In October 2007, the Company negotiated a credit facility, which originally had an expiration date of October 31, 2009 and permitted borrowings up to $15,000. In June 2009, the Company executed a first amendment to its credit agreement. The first amendment, among other changes to the original terms, increased the aggregate amount of funds available to $30,000 subject, with respect to amounts borrowed in excess of $20,000, to certain criteria outlined in the credit agreement. In February 2010, the Company executed a second amendment to its credit agreement. The second amendment, among other changes to the original terms, extended the maturity date to February 12, 2012; added Global Physics Solutions, Inc. as a borrower; added a prepayment penalty equal to 1.0% should the Company voluntarily terminate the facility prior to February 12, 2011; and modified the interest rate on outstanding amounts from either LIBOR plus 2.9% or the bank's prime rate plus 0.47% to either LIBOR plus 2.1% or the bank's prime rate minus 0.28%. Effective October 31, 2010, the Company executed a third amendment to its credit agreement. The third amendment, among other changes, increased the aggregate amount of funds available to the Company to $50,000 subject, with respect to amounts borrowed in excess of $25,000, to a borrowing base test; extended the maturity date to October 31, 2013; modified the manner in which the interest rate on outstanding amounts would be determined; and extended the applicable date of the prepayment penalty such that the penalty would be due if the Company should voluntarily terminate the facility prior to October 31, 2011.

 

The Company must maintain a fixed charge coverage ratio, as calculated pursuant to the terms of the first amendment to the credit agreement, as of the end of each calendar quarter of not less than 1.35 to 1.00, and a funded debt to earnings before interest, taxes and depreciation and amortization ratio less than or equal to 1.5 to 1.00. As of June 30, 2011, the fixed charge coverage ratio and the funded debt to earnings before interest, taxes and depreciation and amortization ratio were approximately 8.1 and 0.4, respectively, and the Company was in compliance with the covenants contained in the credit agreement.
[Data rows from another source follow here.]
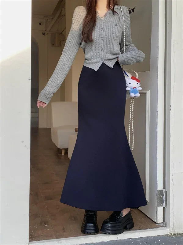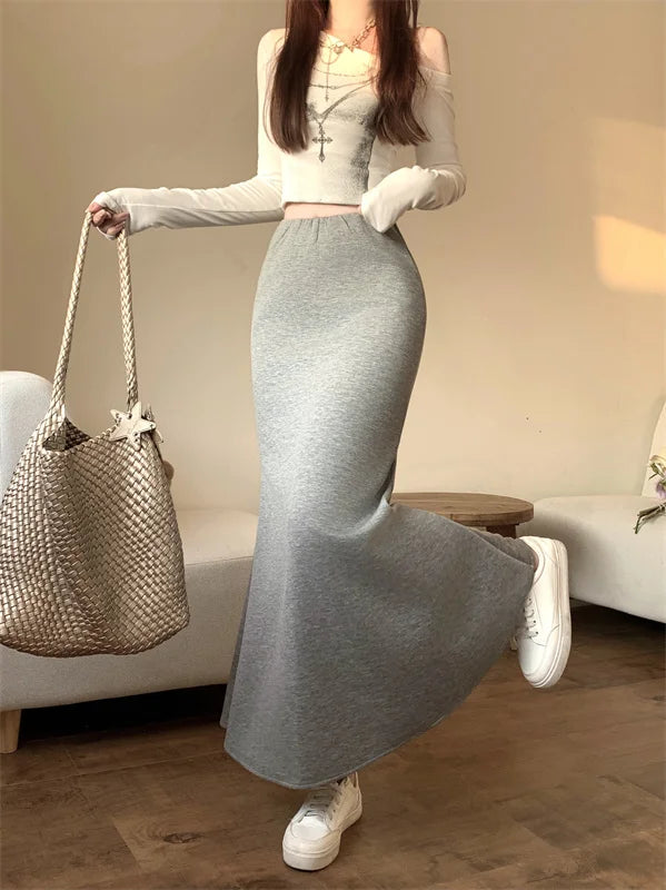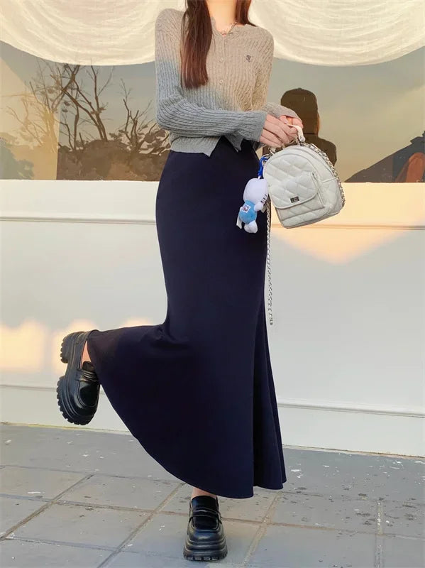 Solid Vintage Temperament Package Hip Skirts Elastic High Waist Simple Spring Autumn 2026 Fish Tail Skirt Casual Slim Long Skirt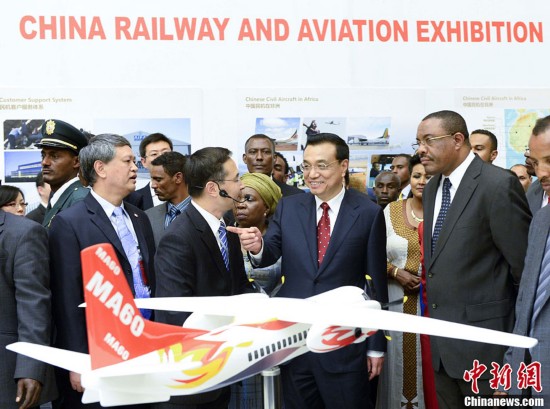 5月5日,李克强总理与埃塞俄比亚总理海尔马里亚姆、非洲联盟委员会主席祖马共同参观在亚的斯亚贝巴非盟会议中心举办的中国铁路航空展。海内外媒体称赞李克强为“超级推销员”。2014年他5次出访,带回的订单总计超过1400亿美元。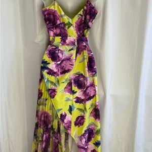 Multicolored polyester blend (98% Polyester, 2% Spandex). Hourglass. V-neck. Sleeveless. Back zipper closure. Imported.
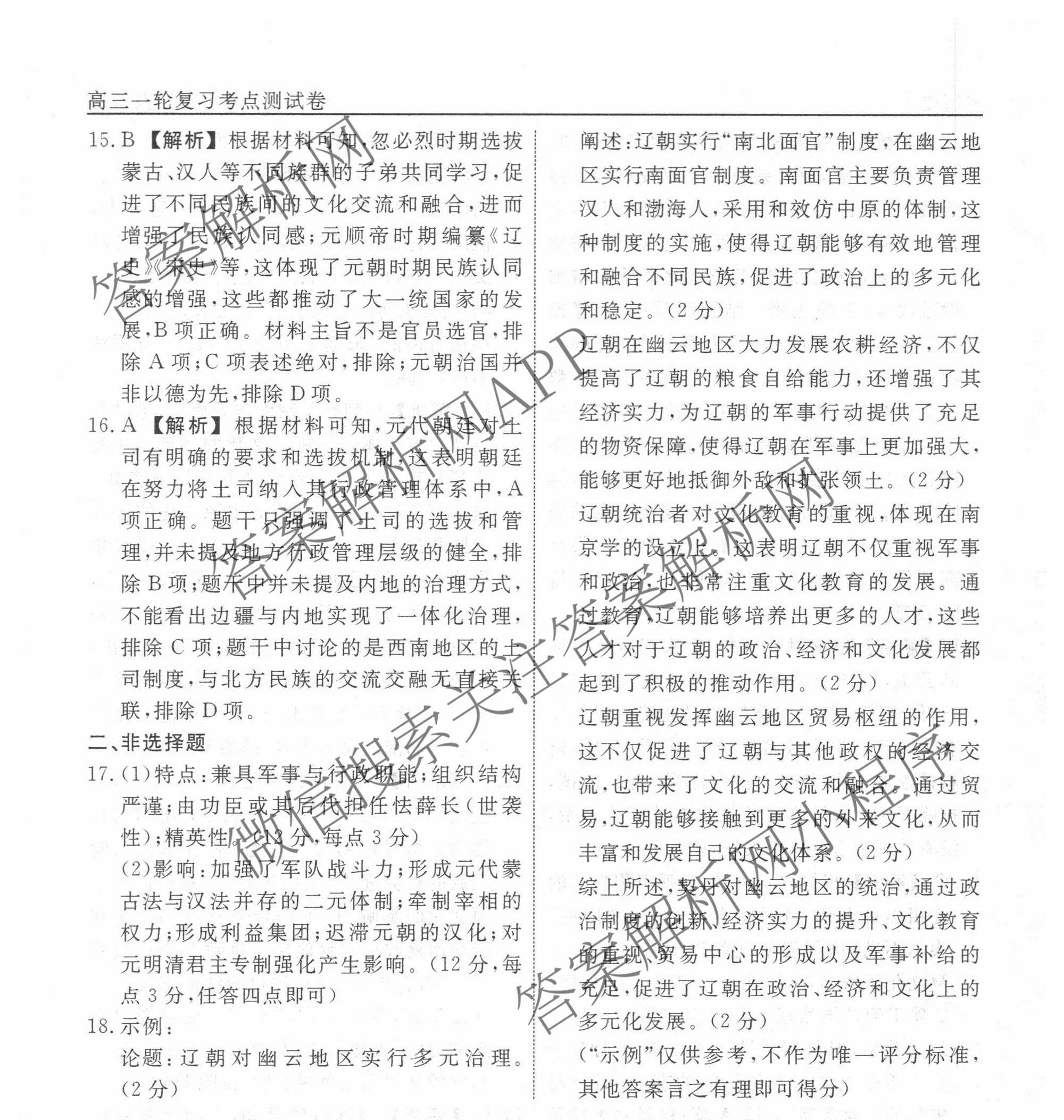 衡水名师卷2025-2026学年度高三一轮复习考点测试卷(五)5历史(40分钟空心菱形)答案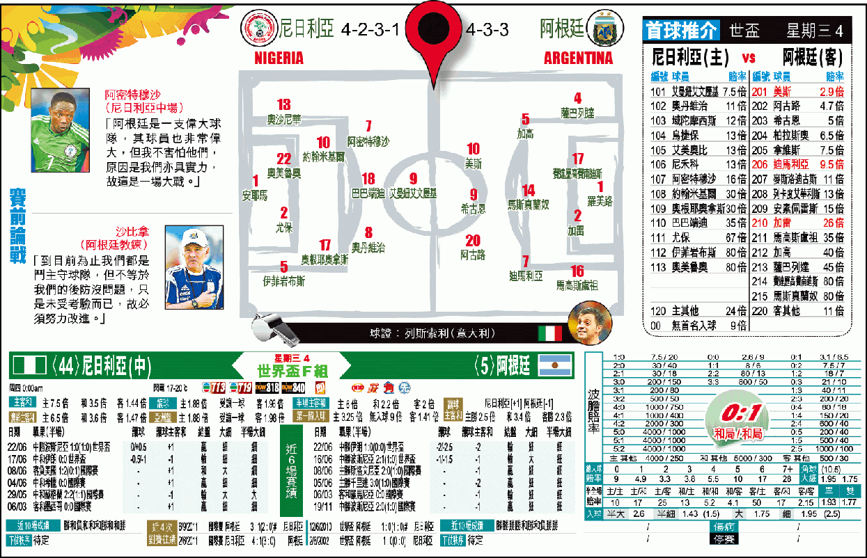 今屆世盃F組在周三進行最後一輪分組賽,榜首的阿根廷將於巴西阿雷格利鬥次席的尼日利亞。雖然被視為奪標分子之一的阿根廷,在對上兩場分組賽的表現不算突出,不過人腳始終比「超霸鷹」優勝,而且在世盃決賽周的對賽往績亦贏晒,故有力再添一場勝仗,就捧他們小勝開「讓球主客和」[-1]「和局」。(球賽編號:星期三4;無綫網絡電視13、19、now818及840台明日0:00am直播)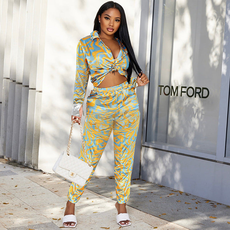 Printed Long Sleeve Shirt Trousers Set(AY2306)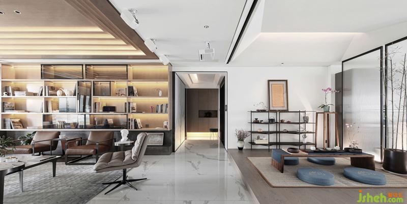 “奕賢居”由電梯廳入戶,拉開雙門看到眼前一幅背景,為一進(jìn):“見山是山,見水是水”的意境。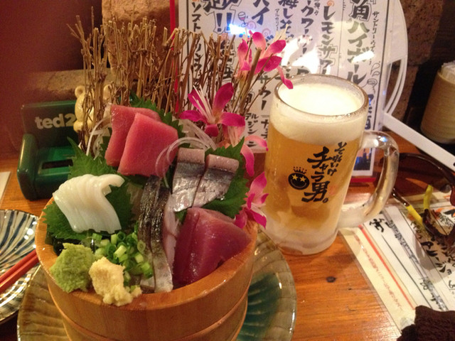 刺身は桶盛りで注文。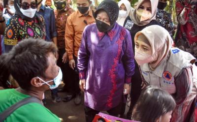 Mensos Risma Kunjungi Korban Banjir Bandang Lombok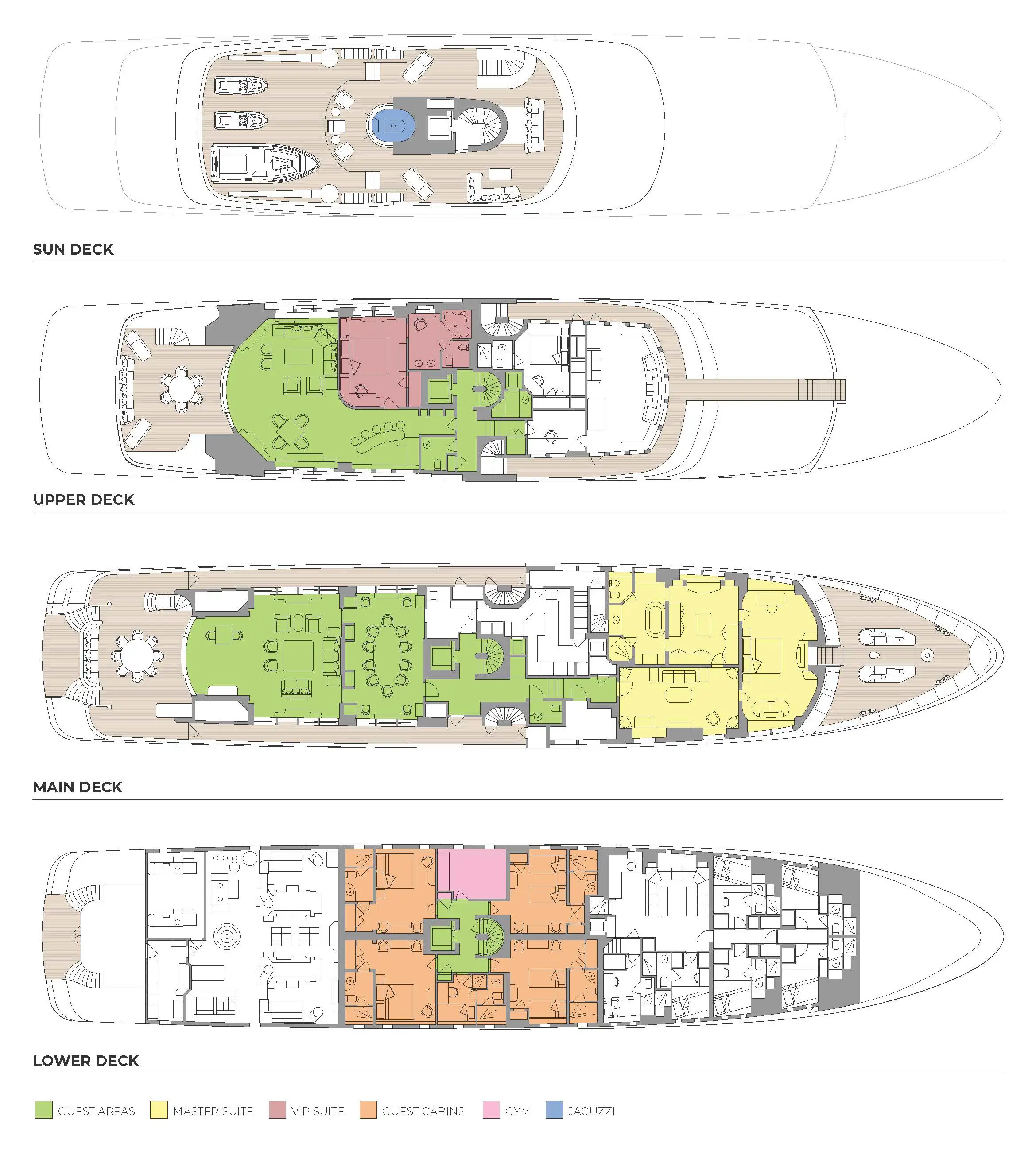 AMANTI has a split-level sun deck. The aft section serves as a boat deck on passage, complete with deck crane to launch the tender and two waverunners. Four steps lead up to the forward section where there is exercise equipment and a jacuzzi to the rear of the mast. Moving forward there is an al fresco lounge to starboard, a wet bar to port and a central forward-facing observation bench. The base of the radar mast conceals a spiral staircase to the bridge deck and an elevator that serves all guest decks.
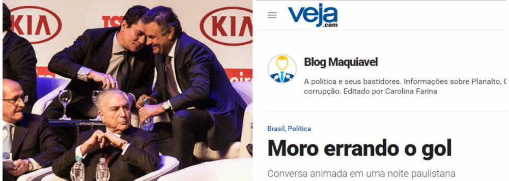 Veja ataca conversa no pé do ouvido entre Moro e Aécio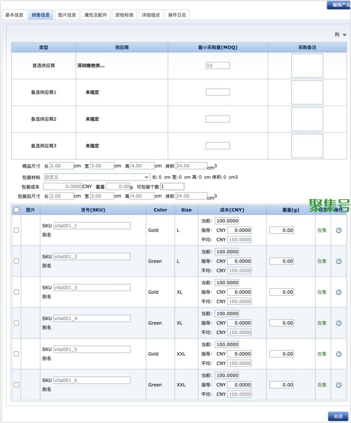 创建多规格产品(SKU)的时候,将供应商信息挂在SPU维度上,然后SKU继承这些信息,就避免了逐个SKU维护供应商的繁琐操作。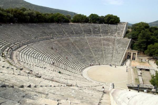 Le théâtre antique d'Epidaure est l'un des rares qui ait conservé sa scène circulaire d'origine, aussi appelée "Orchestra". Le théatre fut construit au IVe siècle avant J.C. Il possède une accoustique exceptionnelle. Il comprend deux rangées de gradins, la seconde ayant été ajoutée pendant l'occupation romaine de la Grèce. Le théâtre est encore en usage aujourd'hui : on y joue fréquemment concerts et festivals pendant la saison touristique.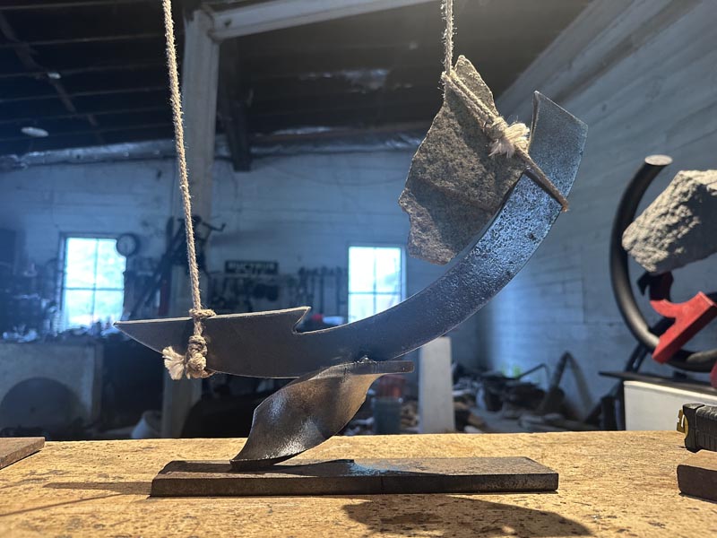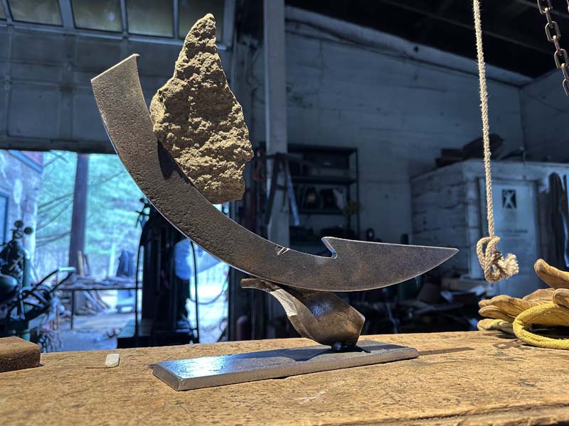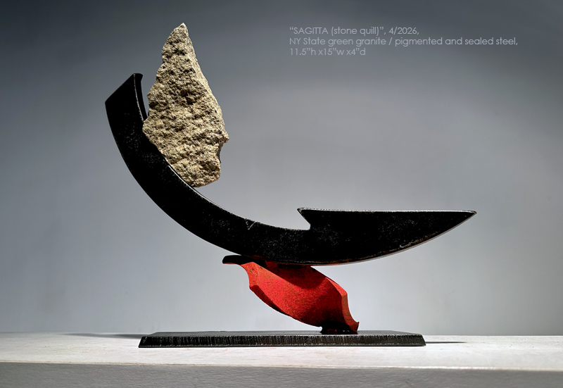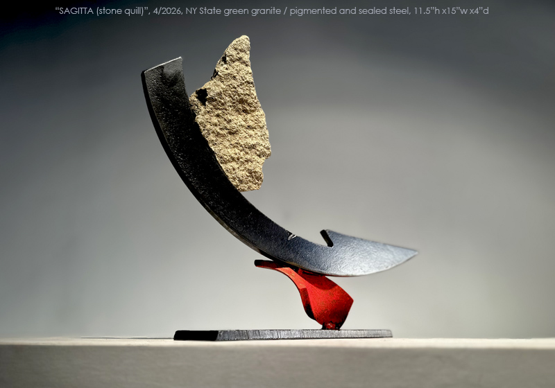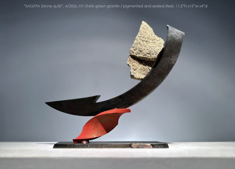 "SAGITTA (stone quill)", 4/2026, NY State green granite and pigmented and sealed steel, 11.5"h x15"w x4"d (29 x 38x 10 cm)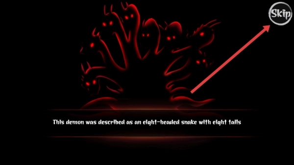 2、遇到demon相关剧情画面,点击右上角Skip按钮,跳过剧情介绍,快速进入实际gameplay。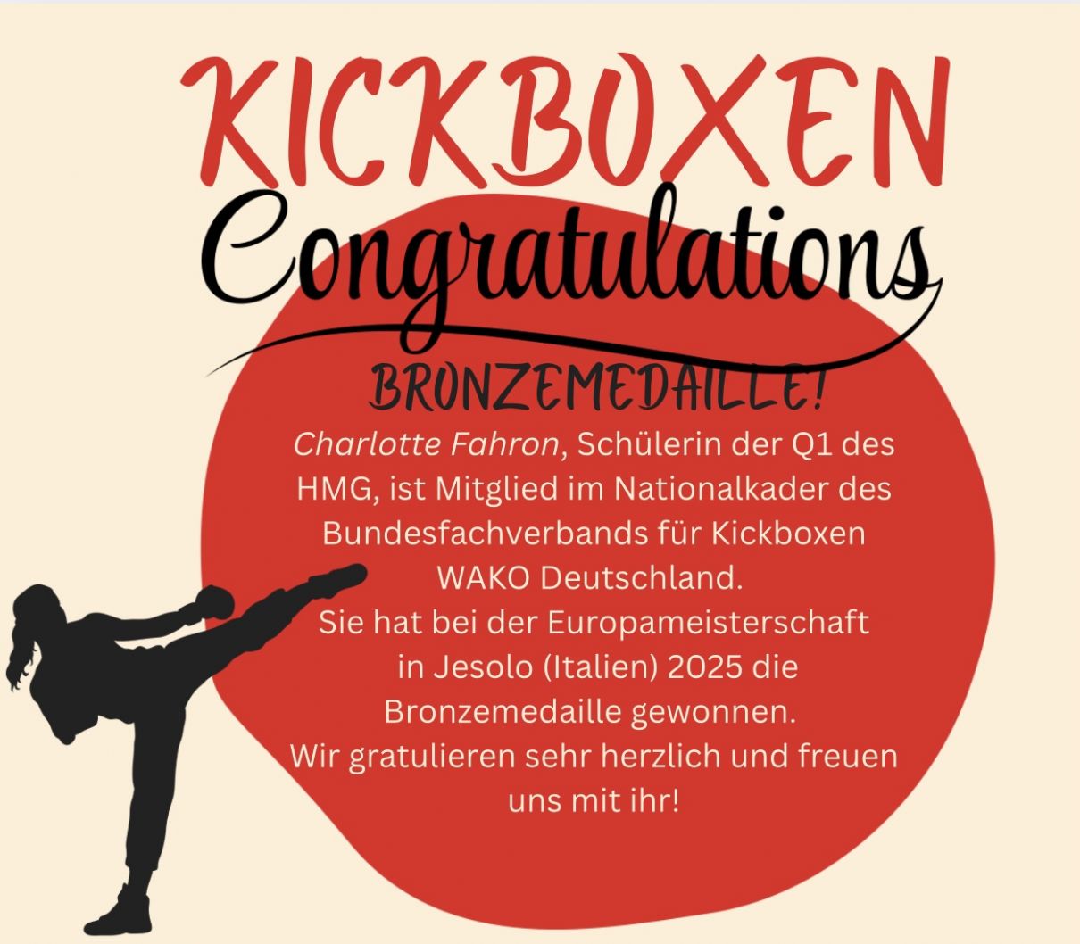 Charlotte Fahron, Schülerin der Q1 des HMG, ist Mitglied im Nationalkader des Bundesfachverbands für Kickboxen WAKO Deutschland. Sie hat bei der Europameisterschaft in Jesolo(Italien) 2025 die Bronzemedaille gewonnen. Wir gratulieren sehr herzlich uns freuen uns mit ihr!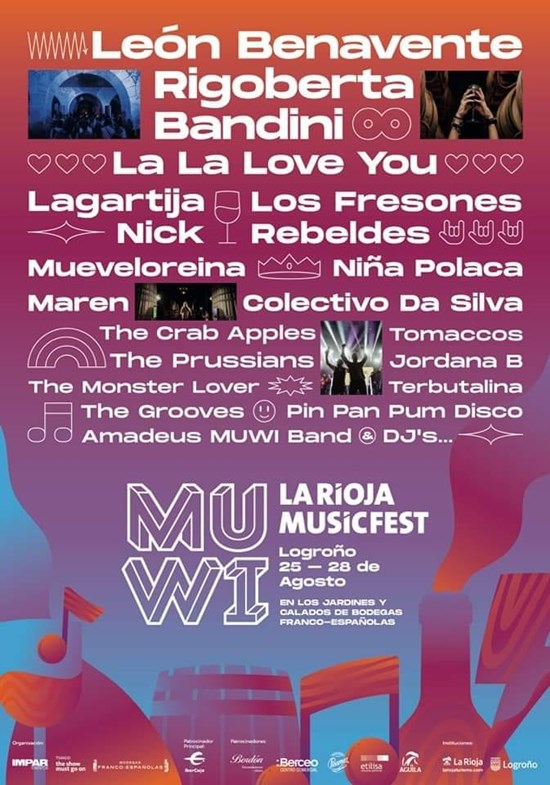 Cartel del Muwi Fest La Rioja MusicFest 2022, del 25 al 28 de agosto en los jardines de las bodegas Franco Españolas de Logroño. Música & Vino en una Bodega Riojana con bandas como Leon Benavente, Lagartija Nick, Los Fresones Rebeldes... www.muwi.es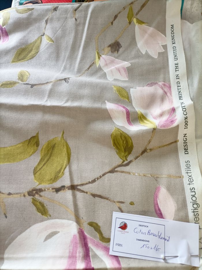 Coupon de tissu d'ameublement– qualité premium motif magnolias Tissu de marque Prestigious Textiles Company 100% coton 150x165 cm Belle densité, impression nette, excellente tenue. Maison non-fumeur. Présence de chats — tissus stockés en bacs fermés. Envoi soigné. Possibilité de lots.

The debt is classified as a current liability as the agreement contains a subjective acceleration clause as well as a Company elected arrangement which provides for automatic draws or pay downs on the credit facility on a daily basis after taking into account operating cash needs. Based on current business plans and projected operating cash flows, the Company anticipates continued usage of the revolving facility beyond the next twelve months.

 

As of June 30, 2011 and September 30, 2010, the balance outstanding under the Company's credit agreement was $12,884 and $12,504, respectively. Interest expense on the borrowings for the nine months ended June 30, 2011 and 2010 was $325 and $270, respectively. The weighted average interest rate was 2.35% for the first nine months of fiscal 2011. At June 30, 2011 the applicable interest rate was 2.291% per annum.